The effect of cholesterol depletion on the mobility of NrCAM analyzed by FRAP. Cells transfected with NrCAMΔfn (C) or NrCAMΔfnΔcyt (A, B, and D) were incubated for 20 min with 4-μm TAG-1 beads and then treated or not with 10 mM MBCD for 15 min. (A and B) Representative images of the FRAP sequence are shown for NrCAMΔfnΔcyt, and are similar to NrCAMΔfn. A 4-μm-diameter spot was photobleached in a region without a bead (A), or precisely on a bead-cell contact where the receptor is heavily clustered (B), and the fluorescence intensity was monitored. (C and D) Kinetics of the fluorescence recovery. Data are normalized to yield an intensity of zero immediately after photo-bleaching and represent the average of 6–12 individual traces. Plain curves are a fit through the data of the function I_m^*(1 - exp(-t/τ)), where I_m is the recovery fraction and τ a recovery time.

Figure 9.

Models for NrCAM mobility in the cell membrane modulated through interactions with the cytoplasmic region and raft-partitioning. TAG-1 beads (black) bind NrCAM receptors (green). Patches of receptors are stabilized within lipid rafts (blue circle on the membrane) and the cytoplasmic tail interacts with the actin cytoskeleton (red) via adaptors (yellow or blue). (A) Retrograde mobility of the TAG-1 bead under control condition.
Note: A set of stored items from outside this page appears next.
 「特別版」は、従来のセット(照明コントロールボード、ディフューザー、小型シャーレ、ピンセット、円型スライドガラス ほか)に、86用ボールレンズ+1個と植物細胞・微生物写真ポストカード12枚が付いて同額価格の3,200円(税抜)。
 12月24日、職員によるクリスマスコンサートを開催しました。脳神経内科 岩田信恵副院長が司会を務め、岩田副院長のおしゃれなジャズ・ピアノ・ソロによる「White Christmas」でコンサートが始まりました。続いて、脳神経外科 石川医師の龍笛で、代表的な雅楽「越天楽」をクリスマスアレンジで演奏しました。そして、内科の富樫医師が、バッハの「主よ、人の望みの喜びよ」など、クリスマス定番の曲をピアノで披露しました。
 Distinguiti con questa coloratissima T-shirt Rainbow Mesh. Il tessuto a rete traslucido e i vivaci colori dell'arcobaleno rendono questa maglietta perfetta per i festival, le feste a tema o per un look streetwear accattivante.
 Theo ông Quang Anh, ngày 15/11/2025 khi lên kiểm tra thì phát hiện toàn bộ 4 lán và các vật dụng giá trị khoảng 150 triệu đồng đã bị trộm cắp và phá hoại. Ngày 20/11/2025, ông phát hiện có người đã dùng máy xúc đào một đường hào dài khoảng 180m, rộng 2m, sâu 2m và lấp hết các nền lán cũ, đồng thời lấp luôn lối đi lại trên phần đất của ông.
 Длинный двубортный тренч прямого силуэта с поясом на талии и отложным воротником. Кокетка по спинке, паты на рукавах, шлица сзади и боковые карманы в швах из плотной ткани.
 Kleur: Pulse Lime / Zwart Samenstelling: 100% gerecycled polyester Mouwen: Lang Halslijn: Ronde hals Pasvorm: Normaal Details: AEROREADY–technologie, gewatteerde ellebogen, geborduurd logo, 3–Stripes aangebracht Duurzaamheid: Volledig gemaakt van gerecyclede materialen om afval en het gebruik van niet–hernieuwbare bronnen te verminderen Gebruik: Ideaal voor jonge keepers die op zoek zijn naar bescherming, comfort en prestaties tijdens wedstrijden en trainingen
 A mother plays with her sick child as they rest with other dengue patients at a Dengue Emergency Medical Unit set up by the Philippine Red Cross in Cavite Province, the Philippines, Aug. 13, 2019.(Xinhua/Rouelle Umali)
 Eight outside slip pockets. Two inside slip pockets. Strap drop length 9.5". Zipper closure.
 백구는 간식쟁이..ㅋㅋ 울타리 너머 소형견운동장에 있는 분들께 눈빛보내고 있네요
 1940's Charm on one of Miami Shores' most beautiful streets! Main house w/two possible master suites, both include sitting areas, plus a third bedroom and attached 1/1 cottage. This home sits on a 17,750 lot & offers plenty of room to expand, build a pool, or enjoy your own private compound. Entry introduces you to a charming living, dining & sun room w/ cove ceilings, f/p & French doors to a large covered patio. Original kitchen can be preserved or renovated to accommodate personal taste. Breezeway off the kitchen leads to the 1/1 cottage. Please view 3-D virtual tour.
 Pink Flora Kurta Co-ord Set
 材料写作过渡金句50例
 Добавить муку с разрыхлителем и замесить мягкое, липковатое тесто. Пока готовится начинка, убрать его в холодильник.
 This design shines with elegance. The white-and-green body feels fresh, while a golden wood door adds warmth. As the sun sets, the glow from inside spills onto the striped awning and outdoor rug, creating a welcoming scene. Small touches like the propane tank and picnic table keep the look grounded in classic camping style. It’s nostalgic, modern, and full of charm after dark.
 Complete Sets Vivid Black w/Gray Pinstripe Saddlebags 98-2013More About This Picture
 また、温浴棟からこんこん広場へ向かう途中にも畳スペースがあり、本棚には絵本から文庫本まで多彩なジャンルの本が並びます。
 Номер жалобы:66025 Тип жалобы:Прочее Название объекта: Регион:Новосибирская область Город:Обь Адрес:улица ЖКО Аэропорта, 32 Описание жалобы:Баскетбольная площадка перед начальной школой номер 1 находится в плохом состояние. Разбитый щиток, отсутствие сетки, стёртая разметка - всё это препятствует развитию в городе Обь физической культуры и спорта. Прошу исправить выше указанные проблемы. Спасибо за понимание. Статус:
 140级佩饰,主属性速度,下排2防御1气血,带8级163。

The bead recruits a high density of NrCAM receptors. Under the bead, NrCAM cytoplasmic domains are associated to rearward flowing actin filaments. This coupling occurs via unknown adaptors (yellow). (B) TAG-1 bead on NrCAM after cytochalasin D treatment. Actin bund-les are depolymerized. NrCAM coupling to remnant subcortical cytoskeletal network may account for the limited mobility of the bead. (C) Stationary behavior on NrCAMΔfnΔCter. TAG-1 bead is resistant to displacement by the laser trap. The C-terminal part of the NrCAM cytoplasmic tail is required for the coupling with the actin retrograde flow. In this condition, the highly reduced mobility of the bead may reflect the linkage of the proximal region of the cytoplamic tail to static subcortical actin filaments via adaptors (blue). (D) TAG-1 bead on NrCAMΔfnΔcyt. NrCAM is unable to interact directly to the cytoskeleton. The bead displays a reduced mobility and can be displaced by the laser trap. This immobile behavior altered by MBCD treatment, depends on the partitioning of NrCAM within a bead-induced stabilized raft. (E) TAG-1 bead on NrCAM after MBCD treatment. Coupling of NrCAM with the actin retrograde flow is prevented. The bead displays a stationary behavior and resists to the laser trap displacement. Disruption of rafts by MBCD impairs NrCAM clustering and the receptor avidity for its ligand is reduced. The density of NrCAM molecules under the bead may be too low to permit clutching with the actin retrograde flowing. The stationary behavior is due to interaction of the cytoplasmic tail with the subcortical actin.